И Крыж снова довольно ухмыльнулся. Эдик нахмурился:
— Но снимки и негативы — это страшнее, чем десять капитанов!
— Поэтому нам и необходимо побывать там: мой тайник находится почти рядом с Дремлюгой — на Лихих островах. Да, там мы проводили карательные акции.
Эдуард вышел из номера, и от его приподнятого настроения не осталось и следа: отец своим откровением Убивал.
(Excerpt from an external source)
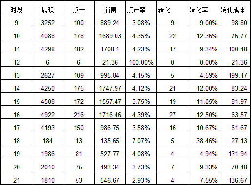 4月营销数据汇总 通过对数据进行对比,我们可发现上述数据存在以下问题: 1. 消费下降29% 2. 有效对话下降17% 3. 线索数量下降8.4% 4. 线索成本下降97.网站加速cdn24元/个 其实,可看出上述问题大都是由于流量少、质量低所引起。所以,在5月份我们可将计划定为:开拓有效流量。 优化方案 01、增长时段

Нет, не то чтобы Эдик боялся, но неприятные мысли приходили все чаще: «Да, попал я в лапы родного батечки — не вырвешься. Позарился на его награбленное богатство, соблазнился обещанной легкой и богатой жизнью! Неужели тягость этих раздумий и сознание участия в неблаговидных отцовских делах постоянно будут гасить приятность и радость жизни? Неужели я так изменился? Ну, нет, папаша! Как только я вырву из твоих ручищ свою долю, так ты меня только и видел! Не намерен я всю жизнь стоять в твоей кровавой тени! Будь здоров, я тоже не буду придерживаться морали по отношению к тебе… Ты их грабил, я — тебя… Это будет только справедливо».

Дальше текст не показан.